-- STUDY MATERIAL follows --

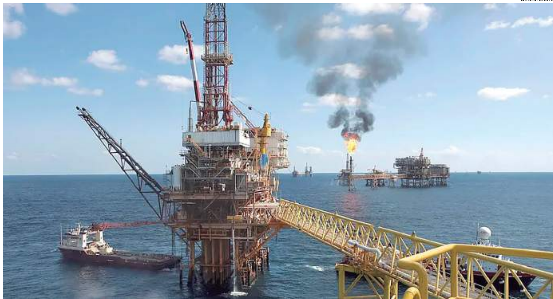
Petrobras considera a região como nova fronteira de produção

uma licença do Instituto Brasileiro do Meio Ambiente (Ibama) para perfurar o primeiro poço, batizado de Amapá Águas Profundas a 160 km da costa e a 40 km da fronteira com a Guiana Francesa. O objetivo desse poço é comprovar a viabilidade econômica.
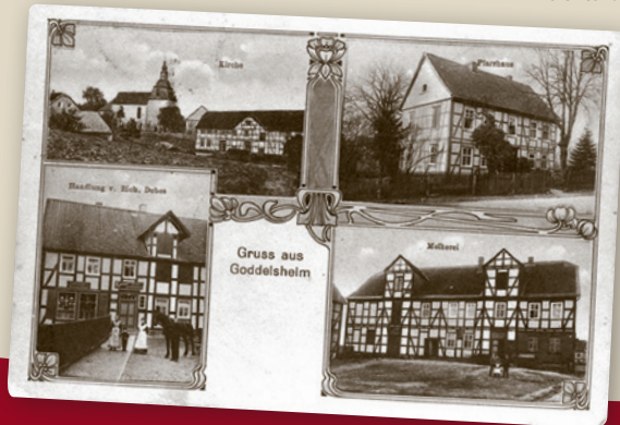
Sammlung historischer Ansichtskarten

Goddelsheim ist der größte Ortsteil der Stadt Lichtenfels und liegt zwischen Korbach und Frankenberg an der Grenze zu NRW.
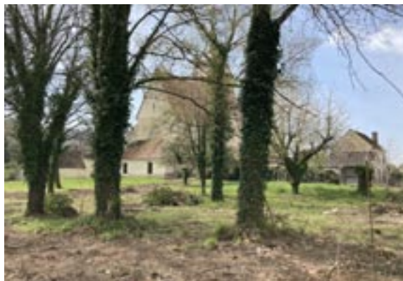
Aménagement du terrain derrière l'église

La rue du Magoula verra son revêtement repris dans le cadre des travaux menés par la communauté de communes. Les habitants sont prévenus de ces travaux afin de ne pas y stationner leurs voitures.
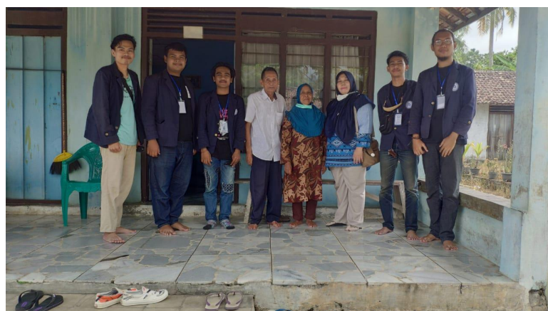
Gambar 2.9 Kunjungan ke UMKM Jenang Wagirah
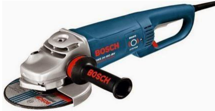
Gambar 2.2 Mesin Gerinda Tangan
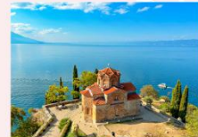
St. John at Kaneo Church ป้อมปราการซามูเอล

** พักที่ Hotel Holiday Inn 4* หรือเทียบเท่า **
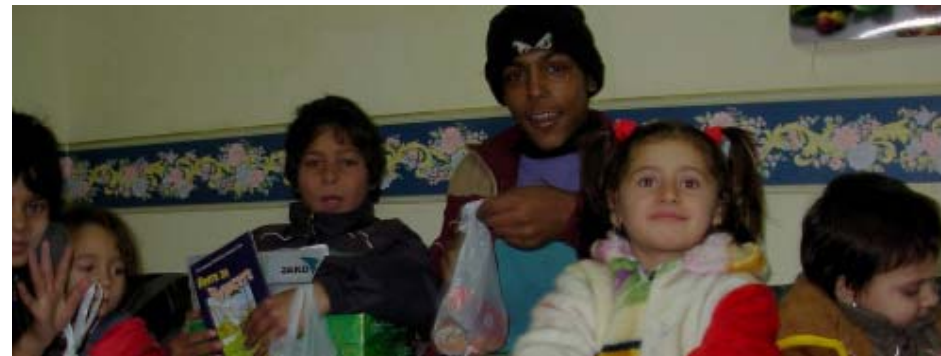
Nya flyktingar med barn kommer till Portugal från alla håll.

Folk som jag möter i Sverige, säger att de trodde att fattigdomen var över i Portugal, men förvånas, då de får höra att Portugal fortfarande är ett av Europeiska Unionens fattigaste länder. Varje dag hjälper vi flyktingar som kommer i kläm mellan byråkrati och skrupelfria arbetsgivare.
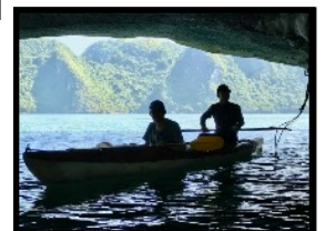
Mit dem Kajak in die Lagunen
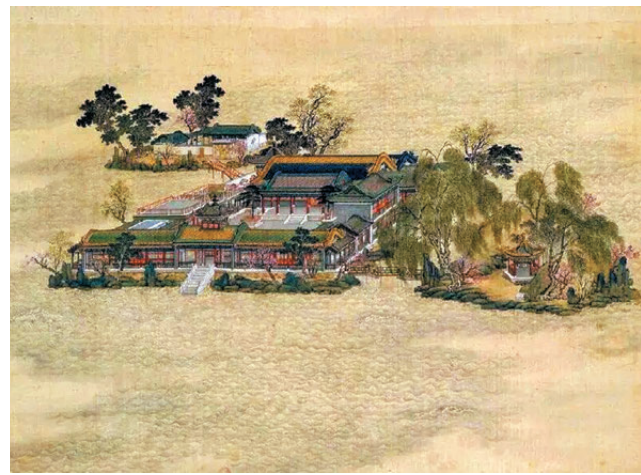
●《圓明園四十景》(局部)

的陳設，在這三間不大的房間，我還看到了中國宮廷瓷器、地毯、牆壁上的繪畫、乾隆皇帝的御璽，還有來自新疆的和田玉器、北京的掐絲琺瑯器、福建省作為非遺傳承的大漆屏風等。其中有我最喜歡的宮廷瓷器：琺瑯彩瓷！這是唯一在清朝時期於宮廷裏燒製完成的稀世珍品！還有一些文物甚至被改造成檯燈或其他裝飾用品，望之心痛。 第二，法國還保存了一套《圓明園四十景》，絲綢質地的絹本彩繪，是由清代宮廷畫師唐岱、沈源繪製的圓明園全景圖。這是目前全世界範圍內公認的研究圓明園原貌最權威的資料，現藏於法國國家圖書館（BnF）。乾隆皇帝在每一幅畫面上都題寫了一首詩，畫中的題目和詩詞代表着他對治理天下的期待，比如在「正大光明」的圖景裏他寫着：「青草思示儉，山靜體依仁。洞達心常豁，清涼境絕塵。」字裏行間流露着他心中的理想生活。如果您有興趣看這些繪畫，法國國家圖書館已經將它們數字化發布在網絡上。期待它們早日歸國的那一天。 第三，那就是著名的十二生肖獸首：其中牛、虎、猴、豬、馬、鼠、兔七尊獸首已通過回購、捐贈等方式回歸中國，現藏於北京保利藝術博物館和國家博物館等地。龍首據傳聞密藏在中國台灣，其餘四尊仍下落不明。其中鼠和兔首是法國皮諾家族在法國購買後捐贈歸國。那還有哪些流失的中國文物在法國呢？我們下期再講！
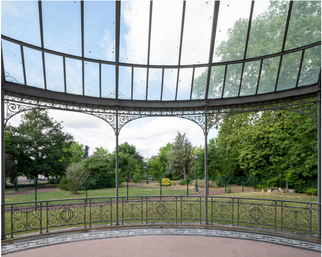
La terrasse, orientée sud-ouest, décorée au chiffre des Cartier-Bresson.
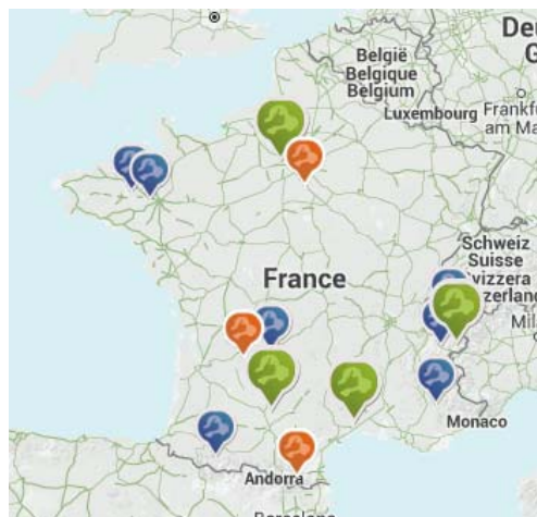
Figure 2 – Essaimage en cours ou en projet au début 2016

La Figure 2 présente les réseaux créés (vert), en voie de création (orange) et à l'étude (bleu) au début de 2016.
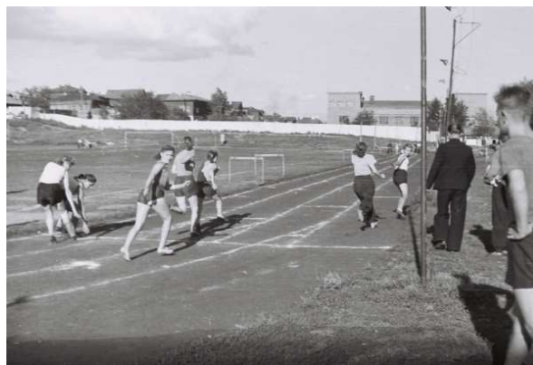
Рисунок 2. Стадион "Динамо"
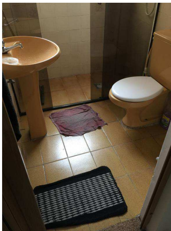
Figura 10: Banheiro.

Este documento é cópia do original, assinado digitalmente por EDUARDO LISBOA ROSA e Tribunal de Justiça do Estado de São Paulo, protocolado em 20/09/2018 às 15:04, sob o número WSTS18703258084. Para conferir o original, acesse o site https://esaj.tjsp.jus.br/pastadigital/pg/abrirConferenciaDocumento.do , informe o processo 1000399-19.2016.8.26.0562 e código 27C45F2.
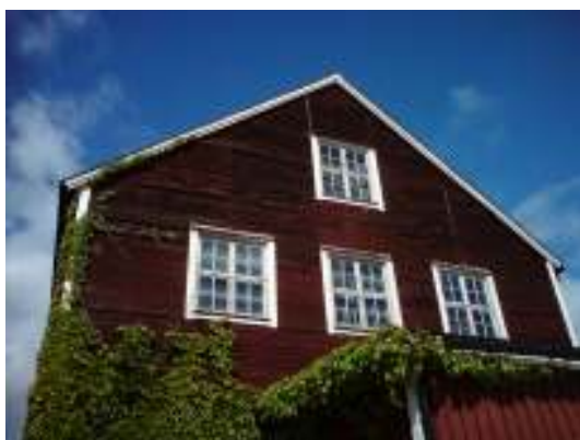
Östra fasaden innan arbetet.

Fönstren på samma fasadpartier som ovan har renoverats genom omkittning och ommålning. I enstaka fall har trasiga glasrutor bytts. På huvudbyggnadens östra fasad lagades en spröjs. Nytt kitt är av linoljetyyp. Samtliga beslag har återanvänts. Målning har skett med vit linoljefärg. Samtliga fönsterfoder byttes mot nya likt befintligt utförande.
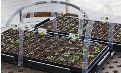
フレームを立てたらネットを被せる

家庭菜園で失敗する原因で1番多いのが「虫に食べられた」です。トレイ栽培でも防虫ネットなどを使用して対策をしましょう！ネットの上からでも水やりができます。
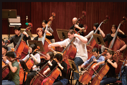
ブラームス交響曲第1番リハーサル風景 両楽団員が仲良く隣り合わせ
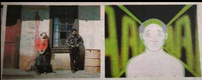
QUINTO FESTIVAL IBEROAMERICANO DE CINE Y VIDEO DE CALDERA ATACAMA 2005
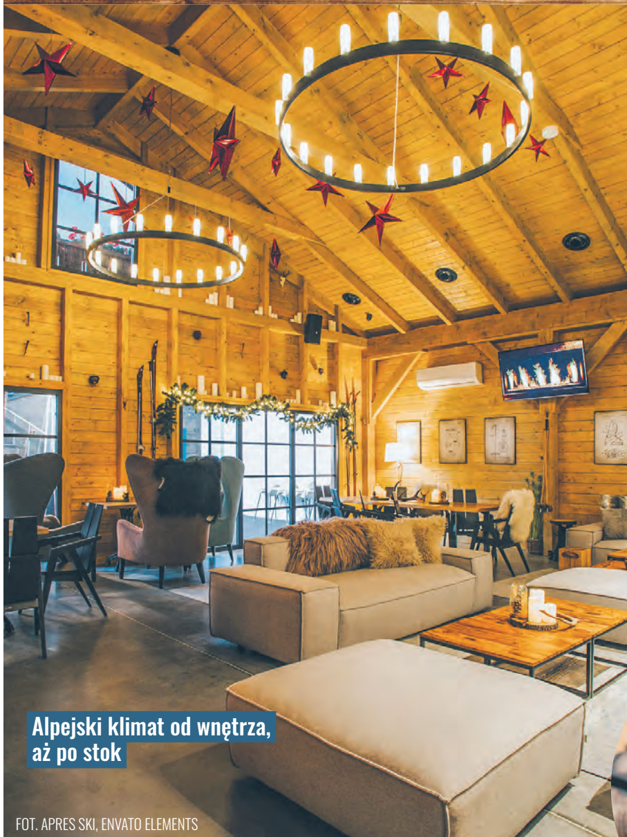
Alpejski klimat od wnętrza, aż po stok
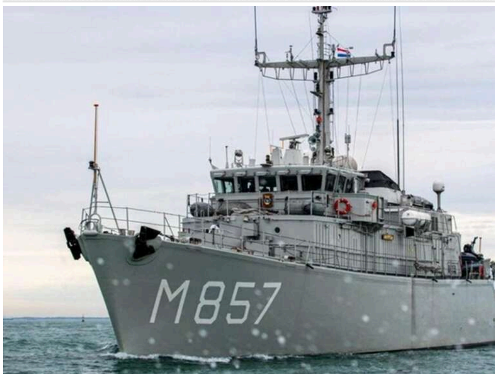
Відродження "Генічеська": Нідерланди в червні передадуть Україні протимінний корабель класу Alkmaar

У червні поточного року Нідерланди передадуть Україні протимінний корабель класу Alkmaar, – повідомив Зеленський.
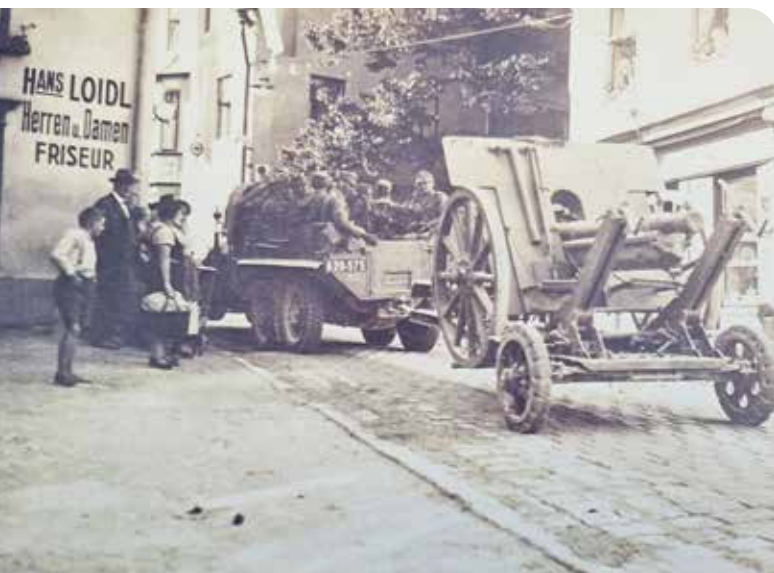
Links das Friseurgeschäft im Standort Markt 59, vis-à-vis vom Hotel 1000-jährige Linde.
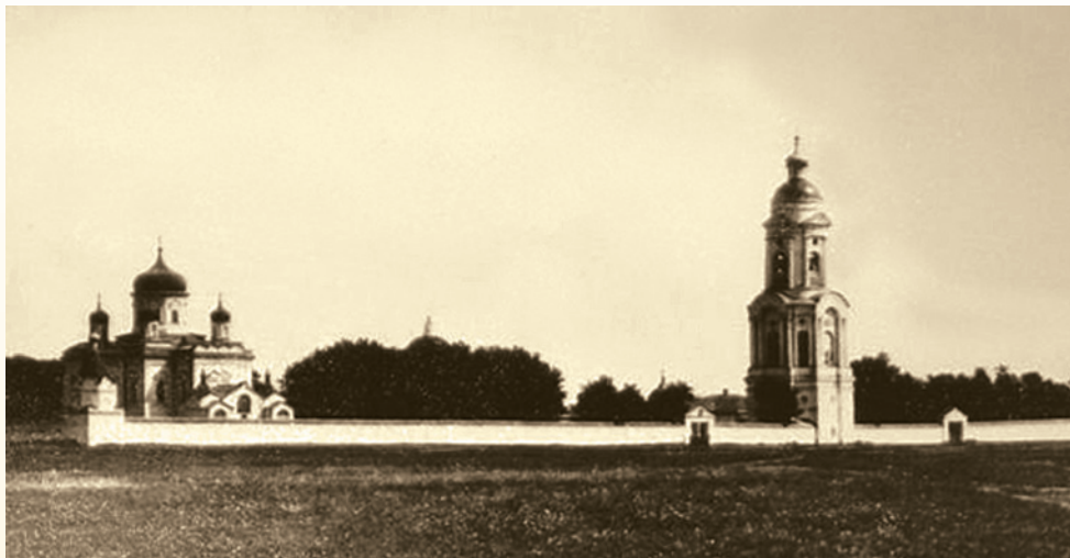
Спасо-Преображенский монастырь за городом. Общий вид. Фотография

Второй период в истории монастыря отсчитывается с конца XVIII в. 5 В 1791 г., вскоре после екатерининской перепланировки города, расположение обители на горе, в самом центре Пензы, было найдено неудобным. Кроме того, тамбовский краевед Г. Хитров глухо упоминает о ссорах и беспорядках среди братии. Он же пишет: «Город строился по новому, Высочайше утвержденному плану, по которому немалая часть монастырской усадьбы назначена была к занятию частными строениями. Для входа в монастырь оставался
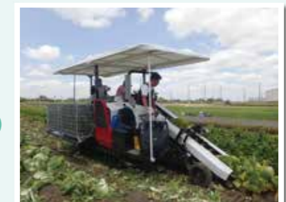
水田作露地野菜の機械化体系試験
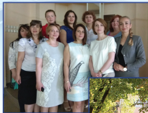
Педагогический коллектив кафедры педагогики и современных образовательных технологий

Среди кафедр факультета есть ровесница университета, – основанная в 1930 году кафедра общей педагогики. На протяжении десятилетий преподаватели кафе-
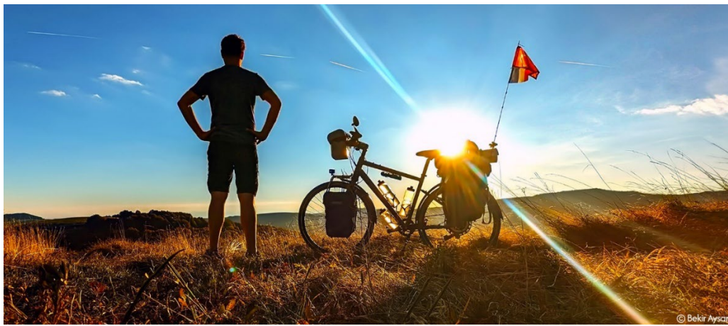
Sommet des Balkans – Bulgarie - 1500m
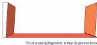
Un cri et une déflagration, le feu de glace se brise
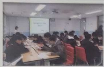
영어교육 중심 학교
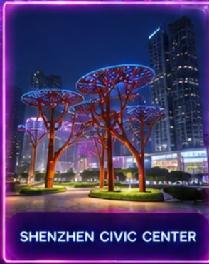
SHENZHEN CIVIC CENTER
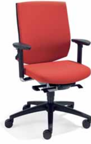
Klöber veo97 Synchron-Drehstuhl. Kunststoffschale mit Polster. 3D-Armsupports. Kunststoff-Fußkreuz schwarz. Klöber veo97 synchro swivel chair. Polypropylene shell with upholstery. 3D Arm Supports. Black polyamide base.
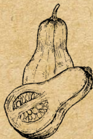
Courge Sucrine du Berry
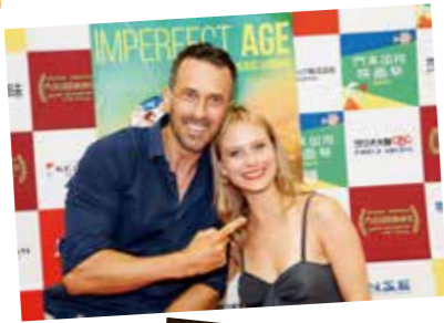
(写真上) 門真国際映画祭の受賞者 (写真右) 撮影した東大寺大仏殿

また地域イベントなどの撮影も行っており、直近では世界遺産でもある東大寺の大仏殿で開催されました新型コロナウイルス終息祈願法要と奉納演奏の撮影をさせていただきました。大仏様のお膝元での撮影は感無量でした。
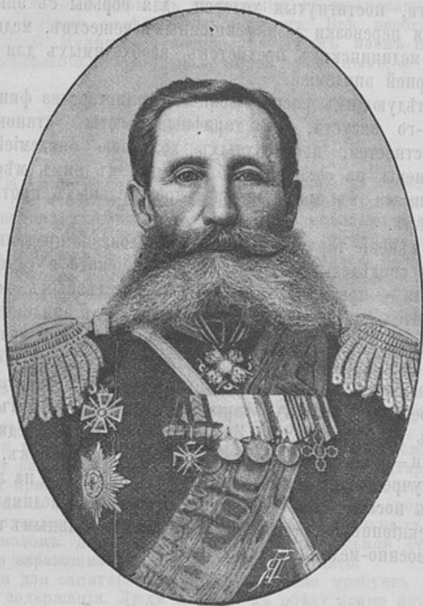
Окружный интендантъ Туркестанскаго военнаго округа, Генераль-Маіоръ
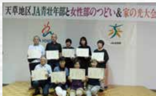
家の光永年購読者表彰者
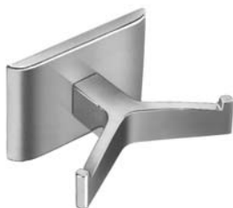
Bradex® 912 GANCHO DOBLE PARA BATA SE PROYECTA 51 mm (2")

-- STUDY MATERIAL concluded --

> _YOUR TASK_:
Extract, without any images, the part of the material above that opens with the line containing "4* หรือเทียบเท่า **" and closes with the line containing "Figure 2 – Essaimage", both lines included.

> _REPLY TO THE TASK_:
** พักที่ Hotel Holiday Inn 4* หรือเทียบเท่า **
Nya flyktingar med barn kommer till Portugal från alla håll.

Folk som jag möter i Sverige, säger att de trodde att fattigdomen var över i Portugal, men förvånas, då de får höra att Portugal fortfarande är ett av Europeiska Unionens fattigaste länder. Varje dag hjälper vi flyktingar som kommer i kläm mellan byråkrati och skrupelfria arbetsgivare.
Mit dem Kajak in die Lagunen
●《圓明園四十景》(局部)

的陳設，在這三間不大的房間，我還看到了中國宮廷瓷器、地毯、牆壁上的繪畫、乾隆皇帝的御璽，還有來自新疆的和田玉器、北京的掐絲琺瑯器、福建省作為非遺傳承的大漆屏風等。其中有我最喜歡的宮廷瓷器：琺瑯彩瓷！這是唯一在清朝時期於宮廷裏燒製完成的稀世珍品！還有一些文物甚至被改造成檯燈或其他裝飾用品，望之心痛。 第二，法國還保存了一套《圓明園四十景》，絲綢質地的絹本彩繪，是由清代宮廷畫師唐岱、沈源繪製的圓明園全景圖。這是目前全世界範圍內公認的研究圓明園原貌最權威的資料，現藏於法國國家圖書館（BnF）。乾隆皇帝在每一幅畫面上都題寫了一首詩，畫中的題目和詩詞代表着他對治理天下的期待，比如在「正大光明」的圖景裏他寫着：「青草思示儉，山靜體依仁。洞達心常豁，清涼境絕塵。」字裏行間流露着他心中的理想生活。如果您有興趣看這些繪畫，法國國家圖書館已經將它們數字化發布在網絡上。期待它們早日歸國的那一天。 第三，那就是著名的十二生肖獸首：其中牛、虎、猴、豬、馬、鼠、兔七尊獸首已通過回購、捐贈等方式回歸中國，現藏於北京保利藝術博物館和國家博物館等地。龍首據傳聞密藏在中國台灣，其餘四尊仍下落不明。其中鼠和兔首是法國皮諾家族在法國購買後捐贈歸國。那還有哪些流失的中國文物在法國呢？我們下期再講！
La terrasse, orientée sud-ouest, décorée au chiffre des Cartier-Bresson.
Figure 2 – Essaimage en cours ou en projet au début 2016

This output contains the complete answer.